### Recorded data

• • •

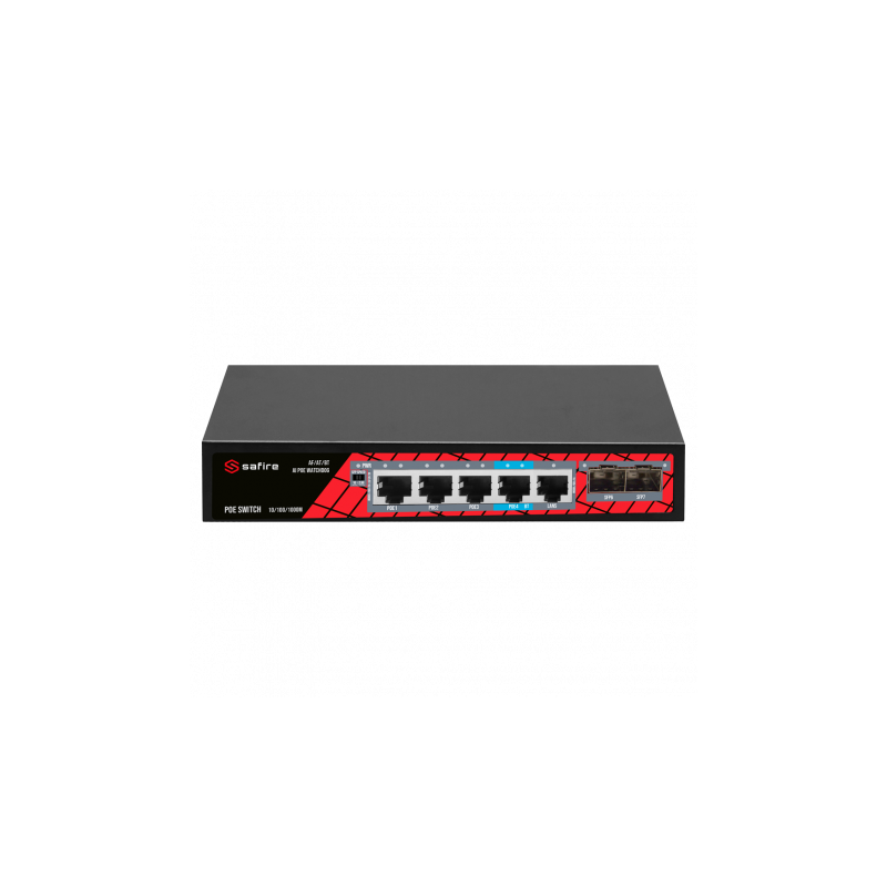 Switch PoE Safire para sobremesa. Incluye 4 puertos PoE RJ45, 1 puerto Uplink RJ45, 2 puertos SFP con velocidades de 1G y 2,5G. Funciona a 10, 100 y 1000 Mbps, suministra hasta 30W por puerto PoE en los puertos 1 a 3, el puerto 4 soporta hasta 60W, con una potencia total de PoE de 65W. Cuenta con PoE Watchdog, función Auto PoE Extendido hasta 130 metros a 10 Mbps, sin necesidad de configuración manual, detectando automáticamente la distancia del cableado.
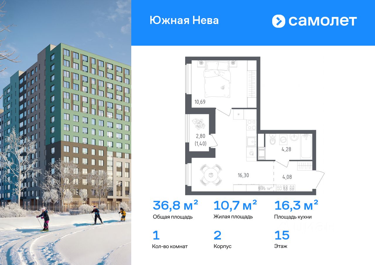 Строим кварталы для жизни с заботой о будущем. Предлагается 1-комнатная квартира комфорт-класса 36,75 кв.м в корпусе 2 на 15 этаже, в ЖК "Южная Нева"
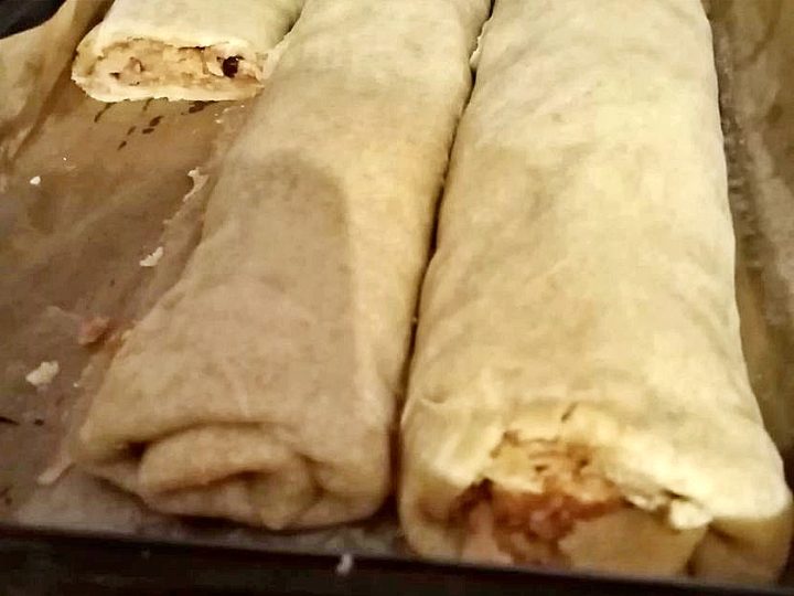 Odpočinuté těsto rozdělte na tři stejně velké díly. Každý z nich vyválejte na obdélníkovou placku. Jablka oloupejte, zbavte je jadřince a nastrouhejte je nahrubo. Vyválenou placku posypejte strouhankou a rozprostřete na ni část nastrouhaných jablek, která posypejte rozinkami, skořicovým cukrem a jemně namletými ořechy. Pokud chcete, můžete přidat také vanilkový cukr nebo třeba strouhaný kokos.
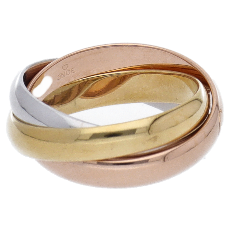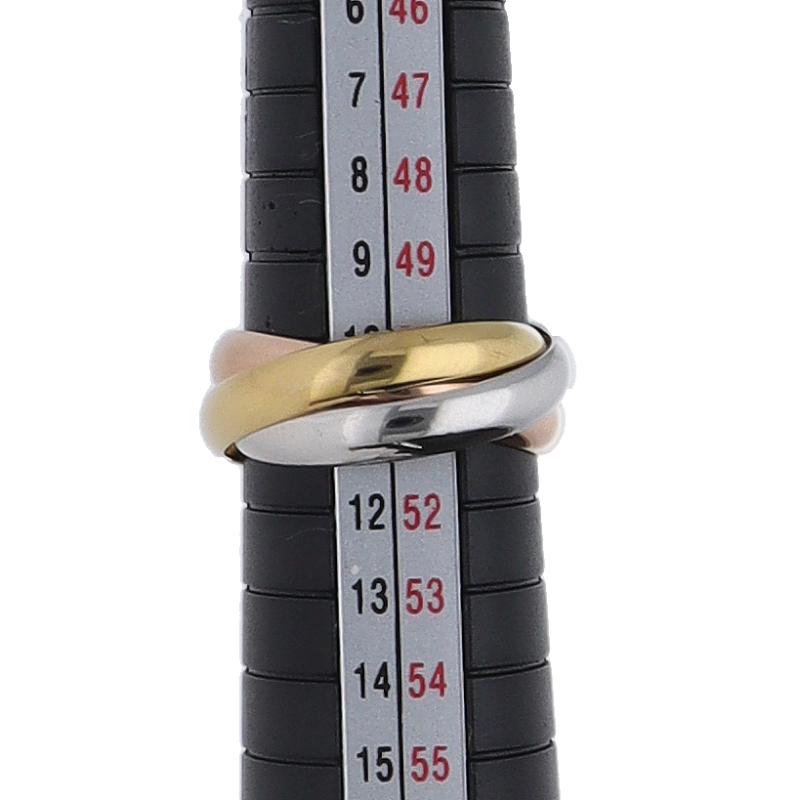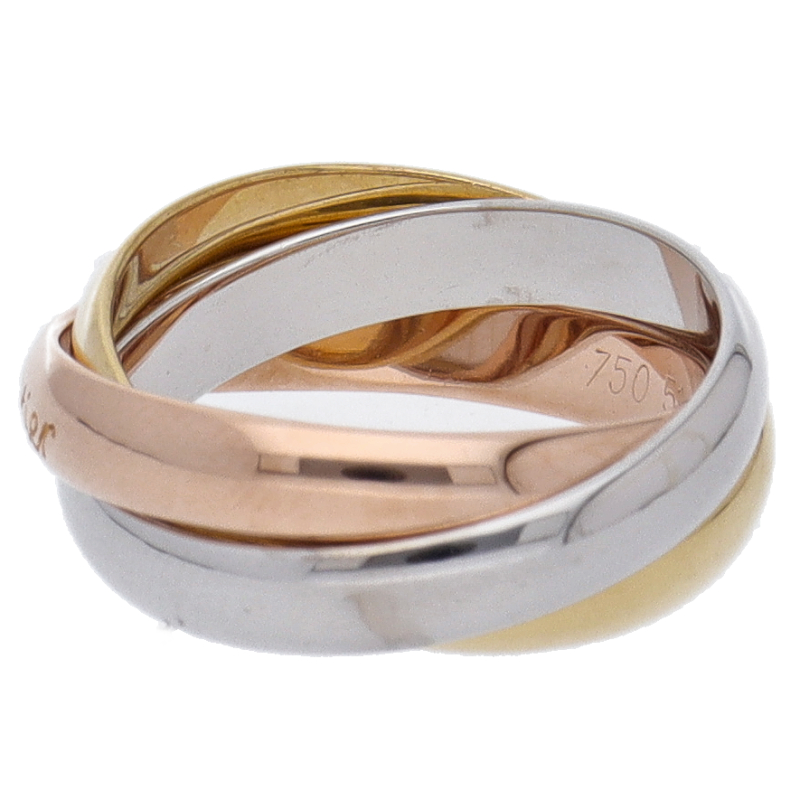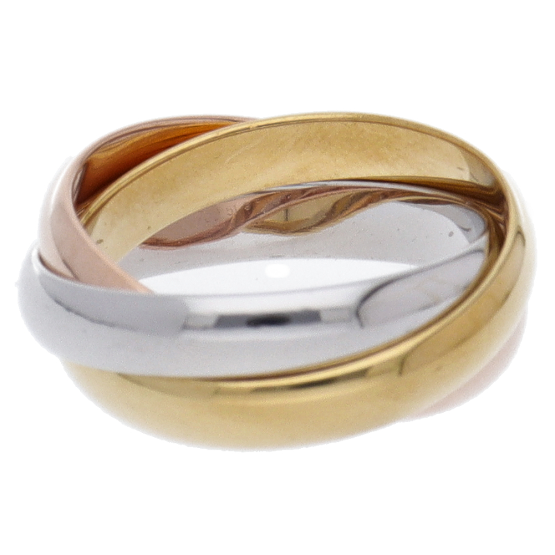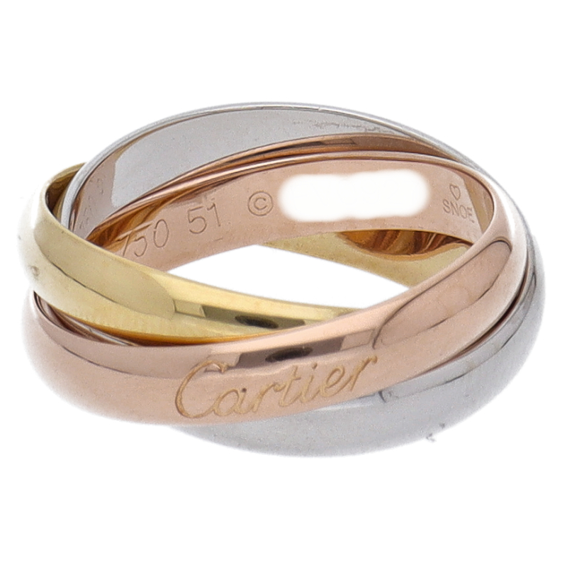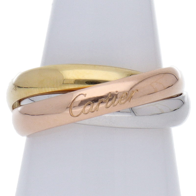 USED品。3カラー製。ピンクが愛、イエローが忠誠、ホワイトが友情を象徴するカルティエの人気のトリニティコレクションです。

• • •

### Task description
Repeat all of the material above exactly, leaving out pictures.

### Solved problem
 Switch PoE Safire para sobremesa. Incluye 4 puertos PoE RJ45, 1 puerto Uplink RJ45, 2 puertos SFP con velocidades de 1G y 2,5G. Funciona a 10, 100 y 1000 Mbps, suministra hasta 30W por puerto PoE en los puertos 1 a 3, el puerto 4 soporta hasta 60W, con una potencia total de PoE de 65W. Cuenta con PoE Watchdog, función Auto PoE Extendido hasta 130 metros a 10 Mbps, sin necesidad de configuración manual, detectando automáticamente la distancia del cableado.
 Строим кварталы для жизни с заботой о будущем. Предлагается 1-комнатная квартира комфорт-класса 36,75 кв.м в корпусе 2 на 15 этаже, в ЖК "Южная Нева"
 Odpočinuté těsto rozdělte na tři stejně velké díly. Každý z nich vyválejte na obdélníkovou placku. Jablka oloupejte, zbavte je jadřince a nastrouhejte je nahrubo. Vyválenou placku posypejte strouhankou a rozprostřete na ni část nastrouhaných jablek, která posypejte rozinkami, skořicovým cukrem a jemně namletými ořechy. Pokud chcete, můžete přidat také vanilkový cukr nebo třeba strouhaný kokos.
 USED品。3カラー製。ピンクが愛、イエローが忠誠、ホワイトが友情を象徴するカルティエの人気のトリニティコレクションです。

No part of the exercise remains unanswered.